Men. Machines. Looming disaster.
It’s a trifecta of elements that pops up repeatedly in movies as diverse as Steven Spielberg’s stripped-down feature debut thriller Duel (1971), and the Keanu Reeves action fest Speed (1994).
It’s a subgenre relatable for anyone who drives. How often have you seen the suspense trope wherein, in a pivotal moment, the hero turns the key in the ignition, and the engine fails to turn over? You might call it a shopworn cliché, yet it almost invariably works … especially if you have endured a Canadian winter.
Most of us have been there.
It happens in a particularly crucial moment in Paul Greengrass’s new film The Lost Bus (premiering Oct. 3 on Apple TV+), a docudrama/disaster movie based on a true story of a school bus driver caught in the 2019 Northern California wildfire known as the Camp Fire, one of the most devastating fires in California history. With a cargo of 22 elementary school children and one teacher, the downward-spiralling driver Kevin McKay (Matthew McConaughey) must navigate the bus through panic-induced traffic jams, looters, and a spreading fiery holocaust.
Greengrass is the director who brought a sense of documentary immediacy to films such as United 93 and Captain Phillips and he is very much on his game here. His hyperactive camera simply flies all over the place (curiously reminiscent of Sam Raimi’s demonic POV shots in the Evil Dead movies), capturing the tinder-dry conditions in Northern California’s Butte County, where barely-maintained power lines strike the spark that will result in a holocaust.
The divorced McKay finds himself at a figurative crossroads, trying to reach out to his alienated son (Levi McConaughey, yep, Matthew’s son) and care for his addled mother (Kay McCabe McConaughey, yep, Matthew’s mom). When he is the only driver available to drive 22 stranded school kids to a safe haven, he rises to the challenge, a decision that puts himself and school teacher Mary Ludwig (America Ferrera) smack in the middle of hell on earth.
The drama, which made its big screen debut last month at the Toronto International Film Festival, is as intense a movie as you can handle.
Notwithstanding a few moments of gratuitous melodrama, it is, like Captain Phillips, a gripping portrait of finding heroism in unlikely places.
The granddaddy of this subgenre is Henri-Georges Clouzot’s 1953 existential suspense movie The Wages of Fear (The Criterion Channel, Internet Archive), a 1953 French epic — 147 minutes long — about four men who enlist themselves in a deadly mission to transport two truckloads of nitroglycerine to the site of an oil well fire over hundreds of kilometres of bad road.
It’s been remade, first by William Friedkin as Sorcerer (1977, on the Criterion Channel) and last year as a very contemporary French action movie titled The Wages of Fear (on Netflix), so slick and fatuous as to rightly be considered blasphemy by French cineastes.

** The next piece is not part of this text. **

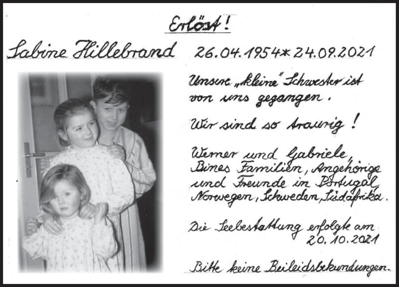 Hier finden Sie alle Traueranzeigen aus der Zeitung, die bisher für Sabine Hillebrand erschienen sind. Weitere Traueranzeigen, die in der Zeitung erscheinen, werden hier ebenfalls aufgelistet

The original is the one to see, of course. Shot in glorious black and white, it stars an insouciant Yves Montand (his starring debut) as Mario, a mysterious French expat doing time hiding out in plain sight in a Venezuelan town, where foreigners find themselves trapped by poverty and a lack of a visa. (Think: Casablanca for roughnecks.) Mario is initially impressed by newcomer Jo (Charles Vanel), a presumed criminal kingpin seeking refuge. But when Jo and Mario sign on with two others to move the nitro, the relationship sours in the face of Jo’s well-hidden cowardice.
One might consider the 2021 action film The Ice Road (on Crave) as yet another Wages of Fear remake. Brit writer-director Jonathan Hensleigh saw it at an impressionable age and subsequently wrote films such as Armageddon, Jumanji and Die Hard with a Vengeance, all of which feature ill-assorted adventurers taking on a complex and deadly mission.
Hensleigh was also inspired by the reality series Ice Road Truckers (on StackTV).
But he wasn’t quite so committed that he wanted an anti-hero. Hence, Liam Neeson is the entirely heroic driver assigned to help take three semi trailers loaded with cast iron wellheads to far-northern Manitoba, where a diamond mine collapse is threatening to slowly extinguish the lives of the miners trapped inside.
Hensleigh is no Clouzet when it comes to depicting the white-knuckle dynamics of men and machines locked in a grim battle for survival. But even so, the film was evidently popular enough to spawn a sequel. Ice Road: Vengeance is currently climbing up the most-watched charts on Crave.